Another Keen On guest this week wrote a book entitled How to Pick an American President? He describes this as the most “consequential” decision in the world. Perhaps. But, as Ric Keller suggests, pick a president who makes you laugh. That’s the best way to weed out the unfunny Trump and his unfunny imitators. American democracy needs a humor realignment. Less gloom and doom. More jokes from its politicians; less levity, perhaps, from its commentators.
But there’s also a more serious realignment going on in America right now which, I suspect, explains much of the apocalyptic hysteria of coastal millenarians. As the super-smart political scientist and co-editor of Dissent magazine, Tim Shenk, told me on Keen On earlier this week, American democracy is a cyclical thing.
Every generation, Shenk argues in his new book, Realigners, is distinguished by what he calls its “visionaries” and “hacks”—from James Madison and Alexander Hamilton to W.E.B. Du Bois, Barack Obama and Phyllis Schafly—who radically rewrite the language of politics. Ours is no different. American democracy is currently going through a Shenkian realignment. Each party is seeking to reinvent itself in the perpetual chess game of democracy. And part of that great game is denying the democratic legitimacy of the other party.
Young Americans may even be pioneering this realignment. As Kyle Spencer, the author of Raising Them Right, told me on Keen On earlier this week, America’s “ultraconservative youth movement” might be about to revolutionize the Republican party. And the same, she argues, needs to happen within the Democratic party if it is to compete for power in the 2020s and beyond.
So where to look for auguries about the health of American democracy? No, not to Greece, antiquity or otherwise. That’s a rookie mistake. Instead, look to contemporary Egypt. As the Brookings scholar Shadi Hamid told me on Keen On this week, the future of all contemporary democracies may lie with the fate of the Muslim Brotherhood in Egypt. That’s why he titled his new book The Problem of Democracy.
Like the Muslim Brotherhood, most contemporary political parties on both secular left and religious right, Hamid argues, regard themselves as the protector of an absolute truth. That’s the problem with 21st-century democracy. But it’s not a terminal sickness and we need to live with it.
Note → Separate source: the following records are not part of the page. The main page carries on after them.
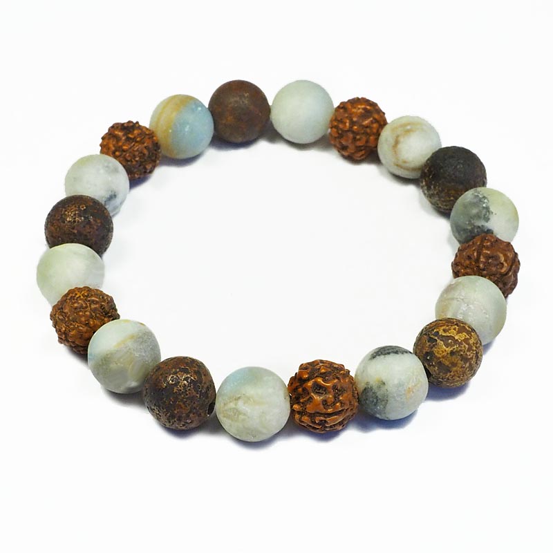 Браслет из натуральных камней (агат, амазонит, рудракша) TOV-0207 ручная работа, диаметр 6 см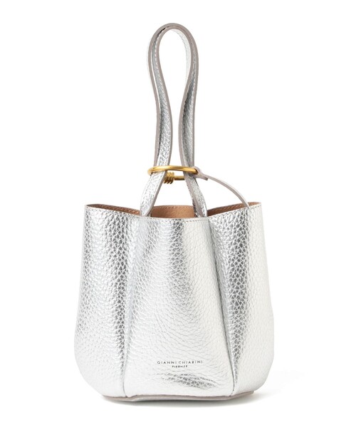 ■デザイン ハンドルに付属のリングチャームを通すことでシルエットを変化させられるバッグ『LILY(リリー)』。メタリックな艶が程良く華やぎを添え、装いにさりげない存在感をプラスします。 ■ディテール 付属のリングチャームは、デザインのアクセントとしてだけでなく、バッグのシルエットを調整できる機能的なポイント。リングを通して口元を絞れば立体感のあるフォルムに、外せばシンプルなトート型に変化できます。 ■サイズ コンパクトながらもマチがしっかりと確保されており、必要な荷物が収まりやすい設計。 ■ケア方法 濡れた場合は、乾いた柔らかい布で手早く水気をとり、風通しの良い場所で陰干しして下さい。また、保管の際は温度・湿度が低く光の当たらない通気性の良いところにお願いします。 ●同モデルのカラー違いもございます 品番:64-62-0258-859 GIANNI CHIARINI / ジャンニ キアリーニ 革鞄職人の父を持つジャンニ・キアリーニ氏により1999年に創設されたバッグブランド「GIANNI CHIARINI」。オーセンティックでモダン、クラシックにひねりを加え、ファッション性とともに機能性を実現したコレクションが魅力。昔ながらの技法をほどこした革に新しいアイディアとクリーンなデザインをのせて世界中の女性たちを魅了し続けています。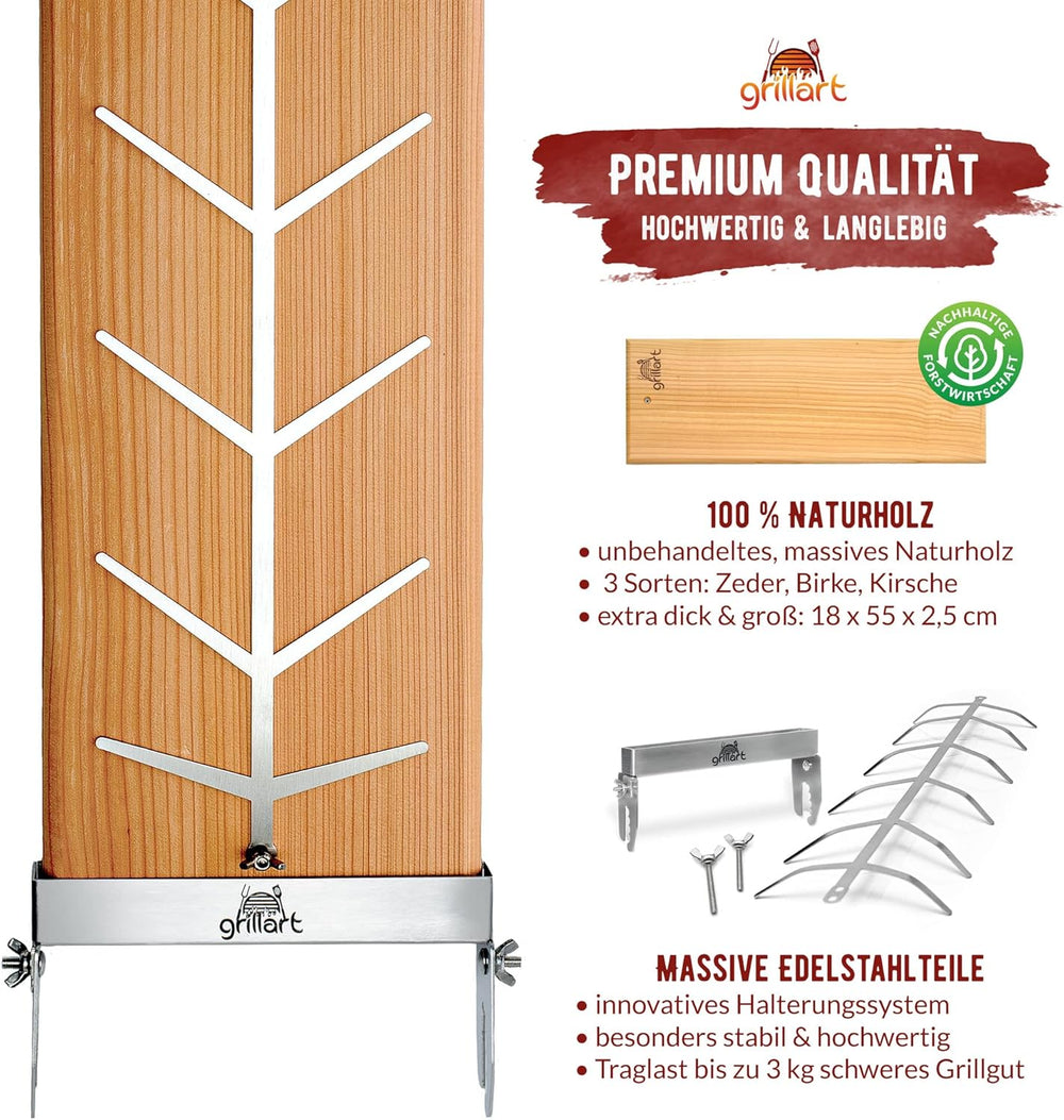 grillart® Premium Räucherbretter aus Zedernholz mit hochwertigem Edelstahlrahmen für eine einfache H

After all, as Hamid suggests, the democratically elected Muslim Brotherhood is infinitely preferable to the military rule of Abdel Fattah el-Sisi, the contemporary pharaoh who shut down Egyptian democracy in 2014.
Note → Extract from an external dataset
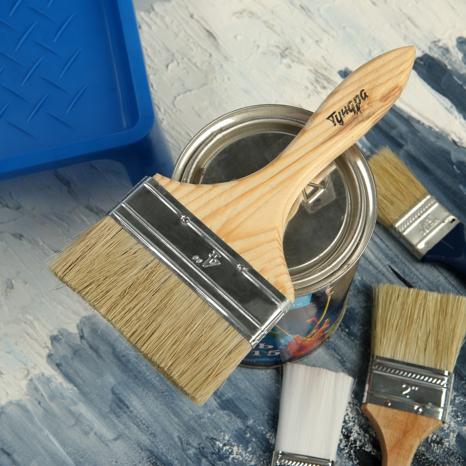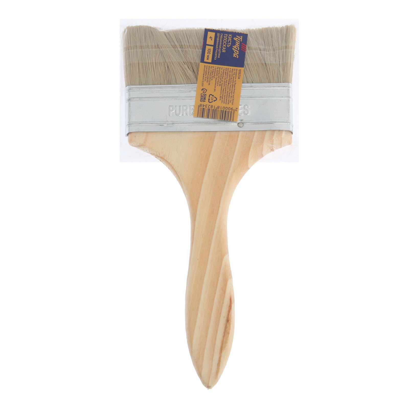 Кисть плоская смешанная щетина, деревянная рукоятка, 4", 100 мм, ТУНДРА, Китай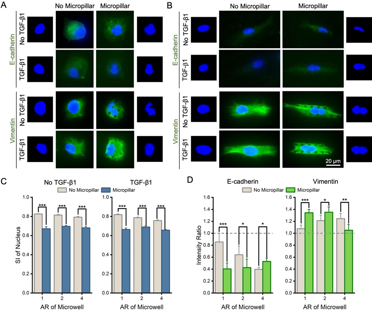 图4. 微柱阵列导致的细胞核变形影响上皮-间质转化

My guess, then, is that the health of American democracy is ok. Not perfect. But then it never was and never will be. As James Madison, America’s original realigner explained, democracy exists because of our imperfections. Perhaps democracy can only work if it is both imperfect and incomplete. Maybe all the chatter about the fate of democracy in our “difficult times” reflects its strength rather than weakness. So keep worrying—but not too much. Along with smiling (and voting), that’s probably the most effective medicine for maintaining the decent health of American democracy.